Here: http://uru.ubi.com/screenshots.shtml
and Here: http://www.cyanworlds.com/stills.ssi# (some of the ones here are shots from earlier in development)
No, this wouldn't be great. If one could traverse different games with the same piece of software, then their wouldn't be any innovation. These MMO games are vastly different right now, some are RPGs, some are exploration-type, and some are simulations. For them to all be interoperable would not only require a lot more programming, but also the separate games would have to be dumbed-down to a level that all of the programs could be compatible with. Besides that, having a Storm-Trooper bypass some Myst puzzle by blasting it, or having cars in medieval settings is stupid. The mixture of environments would lose their exotic sense. It would just ruin the appeal of these non-real settings.
In that case when is Rockstar going to produce GrandTheftAuto Online?
Sign me up for a bit!

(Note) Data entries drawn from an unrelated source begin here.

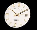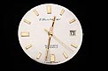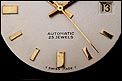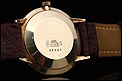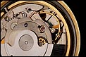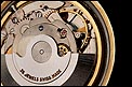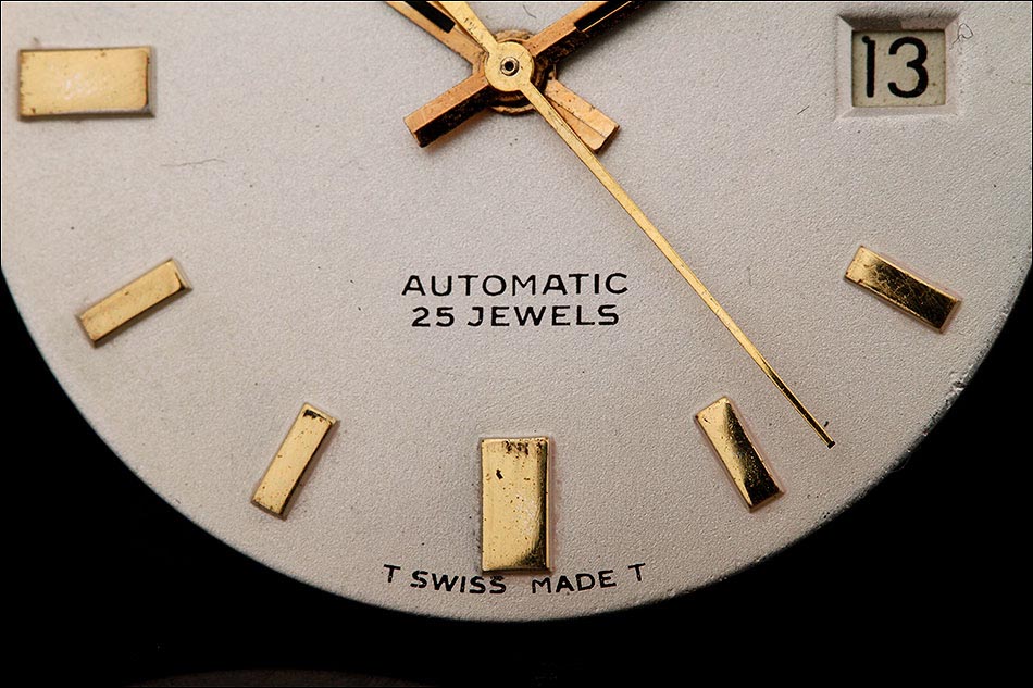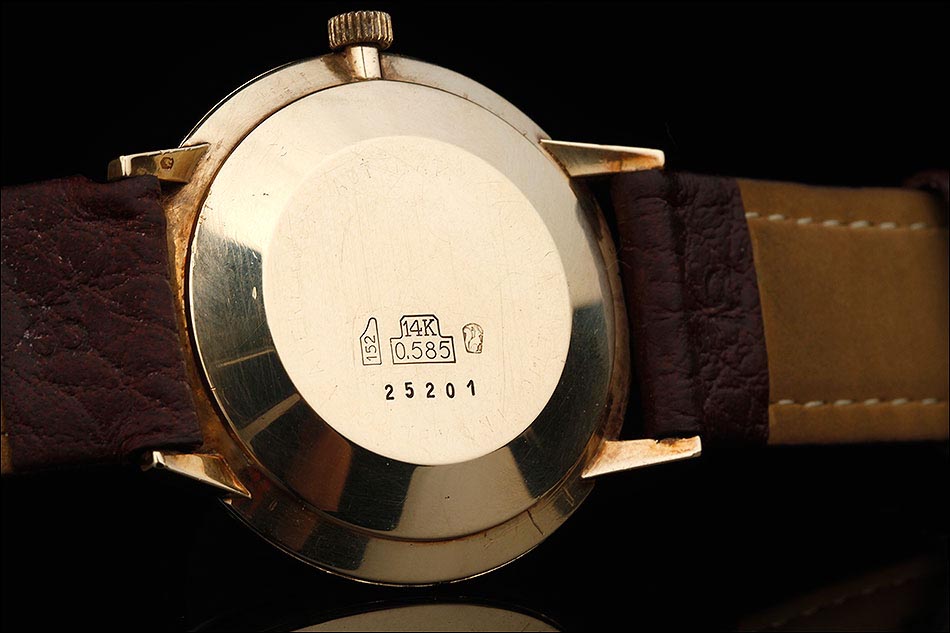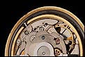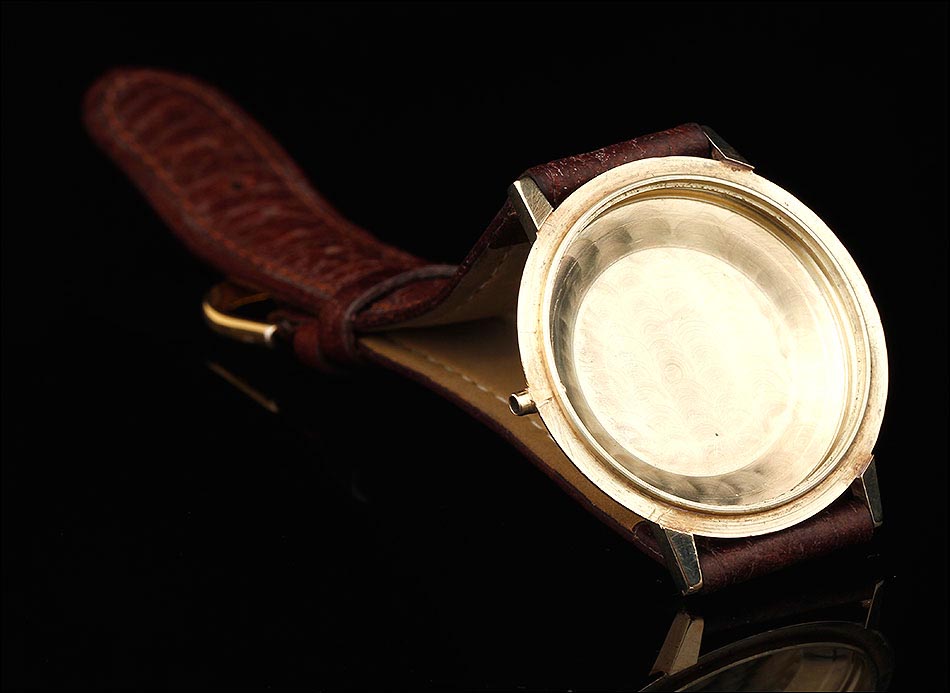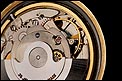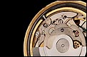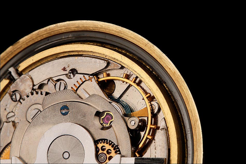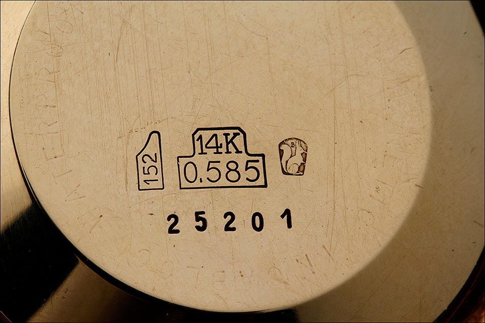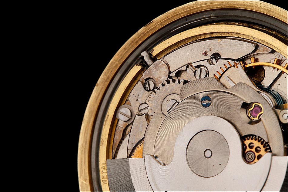 En la parte inferior de la esfera vemos otra inscripción: AUTOMATIC 25 JEWELS, que indica el tipo de mecanismo que lleva el reloj. Una inscripción similar, 25 JEWELS SWISS MADE, aparece grabada en la maquinaria. Ésta conserva todas sus piezas y engranajes originales, en perfecto estado y de una delicadeza y precisión impresionante. La parte trasera del reloj lleva varios sellos y contrastes referentes a la calidad y el origen del oro con el que está realizado. También podemos ver el número de serie 25201 grabado en el noble metal.
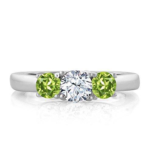 -. Title : 1.35 Ct Round White Zirconia Green Peridot 18K White Gold Ring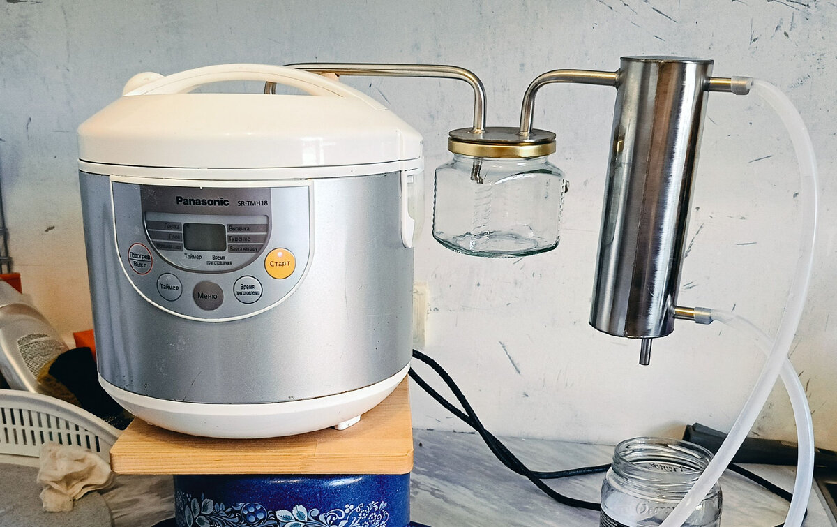 Думал я, что изобрёл сам, ан нет. :) Цель самоделки,- приготовление ароматных водок, ароматных вод, мацератов в небольших объёмах. Мне интересен не столько процесс употребления ( организм отторгает алкоголь в классических дозах), сколько процесс изготовления чего-то своими руками, увлечение, так сказать.... А для этого необходимо много пробовать, экспериментировать, но делать это в больших объёмах не имеет смысла- вдруг не понравится??? С другой стороны, приготовить, пусть даже 0,5 литра ( я уже не говорю о стакане), в классическом кубе на 20-30литров, на мой взгляд, -утопия! Собственно по этому и был сделан этот аппарат. Мультиварку откопал в сарае, холодильник купил на... реклама да? В общем, в интернет-магазине за 1200р. Прекрасно подключается вместо клапана мультиварки. Опробовал сразу на головах. Мощности, а у этой мультиварки 670вт. - за глаза! Даже буду пробовать на других режимах нагрева, хотя, говорят, что задача максимально быстро перегнать, чтоб минимально варить мммм... н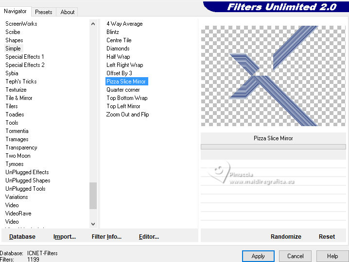 6. Effets>Modules Externes>Filters Unlimited 2.0 - Simple - Pizza Slice Mirror.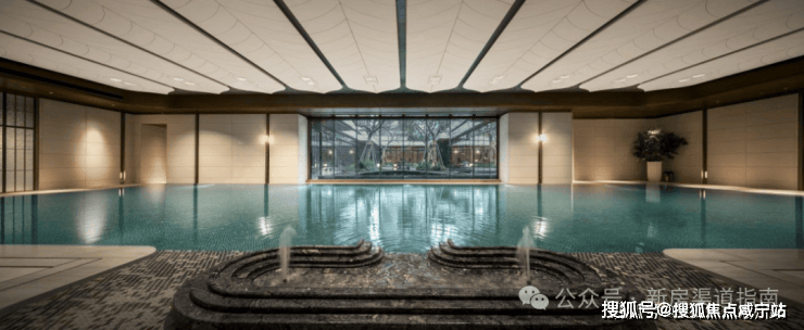 恒温泳池:第一,采用了景德镇烧制的陶瓷马赛克,独特的釉面色彩由景德镇老师傅手工浇筑而成,充满人文艺术底蕴;第二,羽毛天花造型,由600余件铝板打造,表面采用了仿贝壳纹的艺术漆处理,带来松弛度假感;第三,不仅配置了约25m×10m的4道泳池,还采用了奥运会同款空调除湿系统,彰显高档品质细节!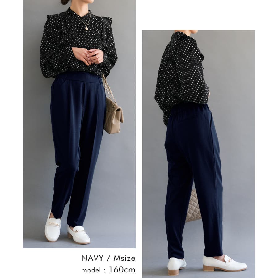 センタープレステーパードパンツ テーパードパンツ センタープレス レディース 上品 きれいめ シンプル ベーシック ビジネス オフィスウェア オフィスカジュアル 通勤 美脚 脚長効果 体型カバー ウエストゴム

Biker gang guild ready.
From the screenshots, this appears to be what Cyan was calling "Project Mudpie" a few years back. They had a very nice feature on it in "Wired", as I recall.
There are two really interesting aspects of the game to me:
I don't know...with my luck in that game, I'll end up touching the wrong book and ending up being stuck in some weird prison for the rest of my character's life screaming "Bring me blue paaaages..."
I think it would be great if the game were like Myst and Riven, where you solve (for me) nearly impossible puzzeles to get around. But this would be a team thing, with a huge world to travel around, and people have to work together to solve the puzzle. If they do update well enough, there could be Ages or something, where new puzzles and plot twists are added. Newbies could travel in a party, and the more adventurous sort could go alone.
IMHO, that would make a great game, one that I could be addicted to for hours each day (But that could be a bad thing!/i?
Hey guys check out www.mygamer.com seems they are giving away a free xbox, gamecube and ps2.. they also redid their entire site.. Looks alot better now..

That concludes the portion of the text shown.